A haunted house but it’s just me walking from room to room to see the mass destruction that occurred when I left my kids alone for 5 min to take a shower.
You can rain on my parade but please don’t poop in my punch bowl.
“kill them with kindness” wrong. crow attack
🐦⬛🐦⬛🐦⬛🐦⬛🐦⬛🐦⬛🐦⬛🐦⬛🐦⬛🐦⬛🐦⬛🐦⬛🐦⬛🐦⬛🐦⬛🐦⬛🐦⬛🐦⬛🐦⬛🐦⬛🐦⬛🐦⬛🐦⬛🐦⬛🐦⬛🐦⬛🐦⬛🐦⬛🐦⬛🐦⬛🐦⬛🐦⬛🐦⬛🐦⬛🐦⬛🐦⬛🐦⬛🐦⬛🐦⬛🐦⬛🐦⬛🐦⬛🐦⬛🐦⬛🐦⬛🐦⬛🐦⬛
From now on when you see me use the word “variants” know that I’m referring to my children.
Whatever, Usain Bolt. I’ve been finishing in under 10 seconds for years.
I tend to be very Snow White-ish with animals, but today a squirrel threw a nut at my head
Win some, lose some
[Independence Day – 2017]
ALIEN {auto-translated}: We. are. taking. over. the. leadership. of. your. country.

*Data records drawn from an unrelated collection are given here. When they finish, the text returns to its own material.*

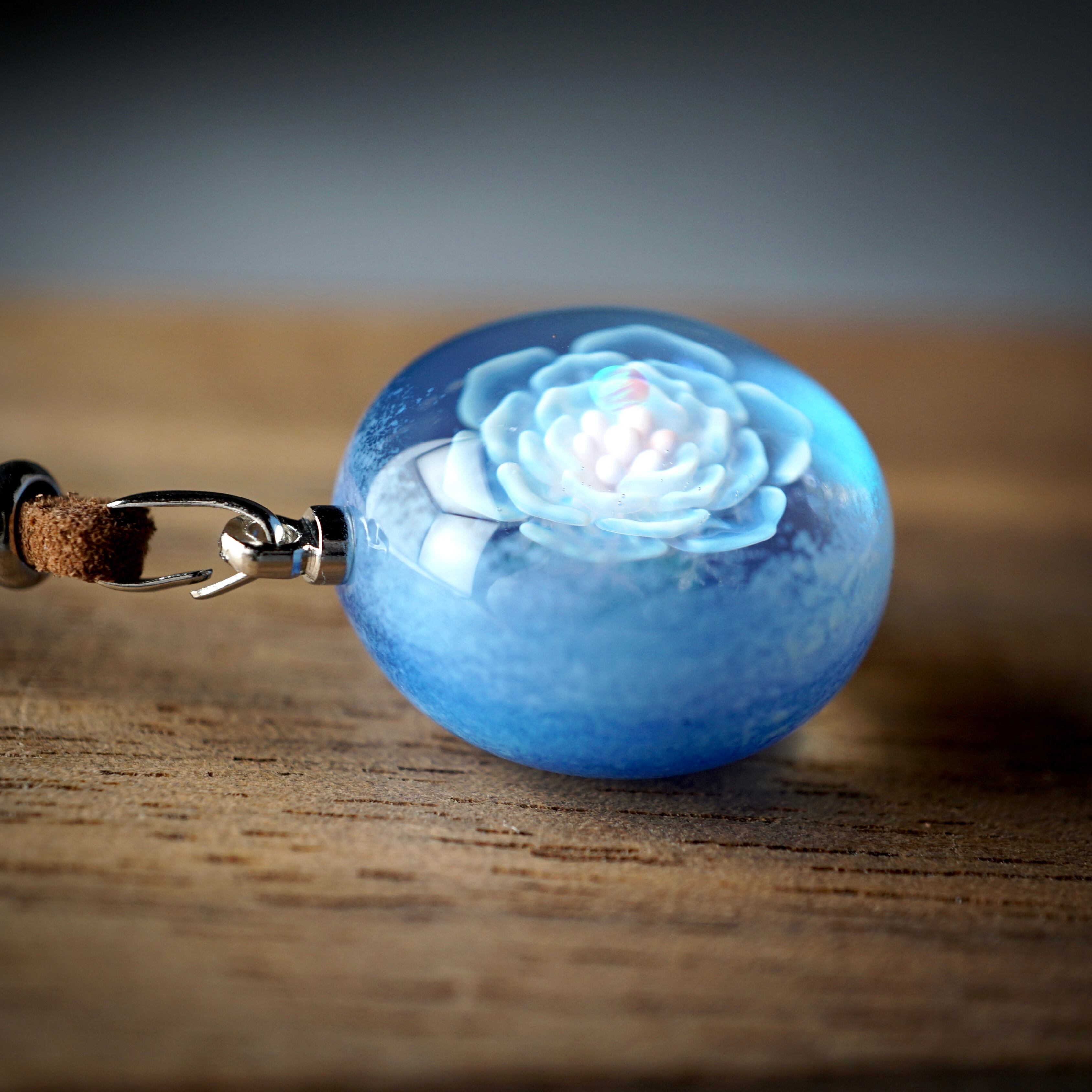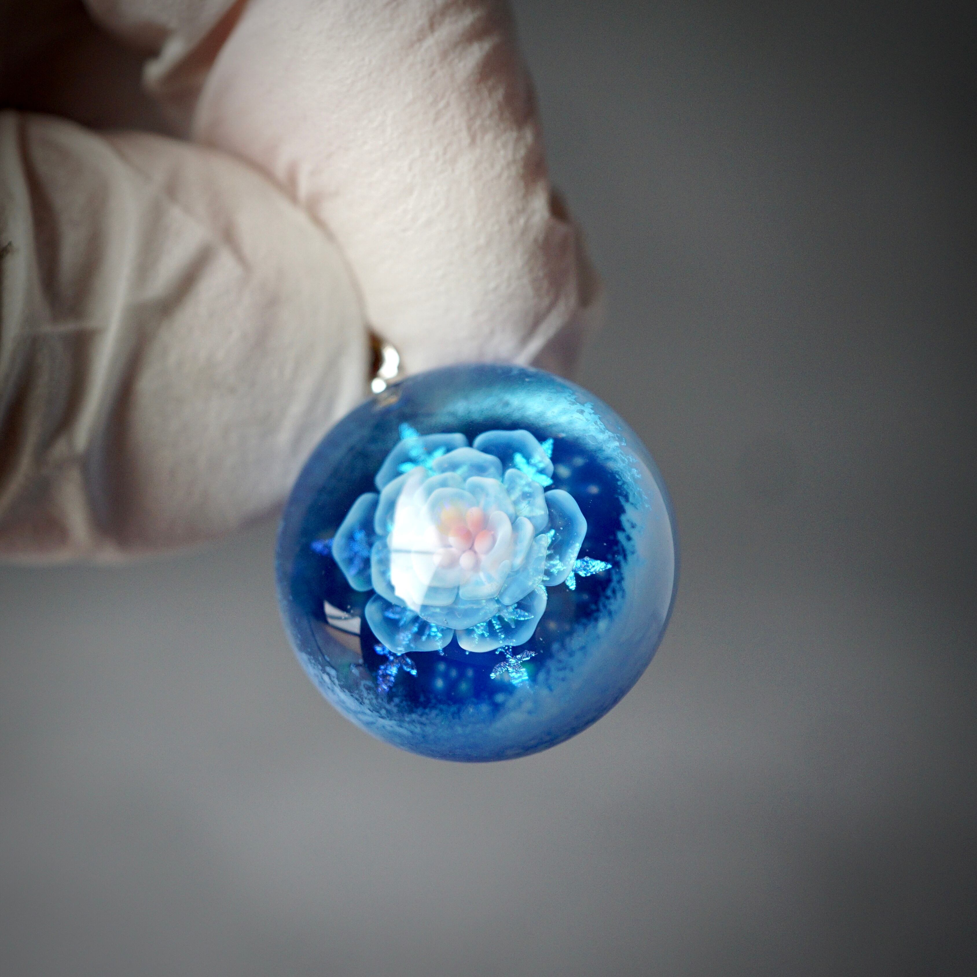 氷や花などを題材に自然の美しさをガラスの中に表現したペンダントです。
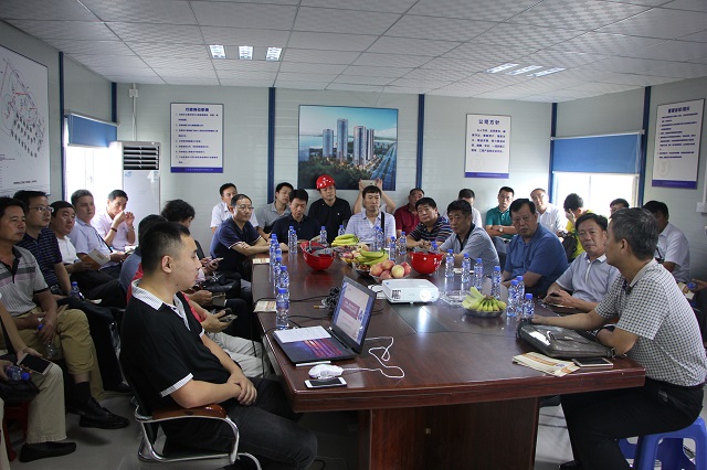 9月8日,在珠海公司總工程師周學(xué)軍陪同下,由深圳公司常務(wù)副總經(jīng)理、總工程師吳碧橋帶隊(duì),深圳公司各工程處生產(chǎn)主任、技術(shù)主任、項(xiàng)目經(jīng)理等一行33人到珠海公司承建的帝景灣山莊和晉和天慶花園項(xiàng)目觀摩交流鋁合金模板施工技術(shù)。周總通過圖文并茂的PPT講解和現(xiàn)場實(shí)地觀摩詳細(xì)介紹了鋁合金模板施工技術(shù)特點(diǎn)以及與傳統(tǒng)木模板施工的差別,對(duì)施工過程關(guān)鍵節(jié)點(diǎn)做法、成本控制做了講解。雙方人員針對(duì)細(xì)節(jié)和質(zhì)量控制問題進(jìn)行了深度交流。
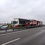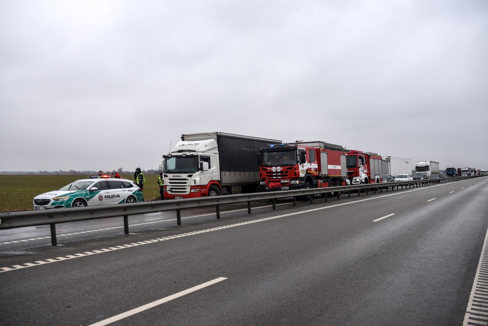VPK komunikacijos specialisto Tado Martinaičio teigimu, per avariją susidūrė vilkikas „Mercedes“, mikroautobusas „Mercedes“ ir motociklas.

Do. not. r—
WILL SMITH: Fine
Some parents are blessed with amazing kids and others have kids that decide to learn the trumpet.
I’d like to schedule a disappointment.
I can relate to blenders because I also scream while I’m doing my job.
[date]
ME: do you have kids or pets?
HER: a son and a cat
ME: what are their names?
HER: John & Batman
ME: nice! my son is also named Batman
The 7 dwarfs of allergy season…
Sniffy, Sneezy, Stuffy, Wheezy, Runny, Itchy, and Dopey.
Everyone is so pissed off about the birds that they neglect to notice those eight maids a-milking also came with eight cows a-shitting.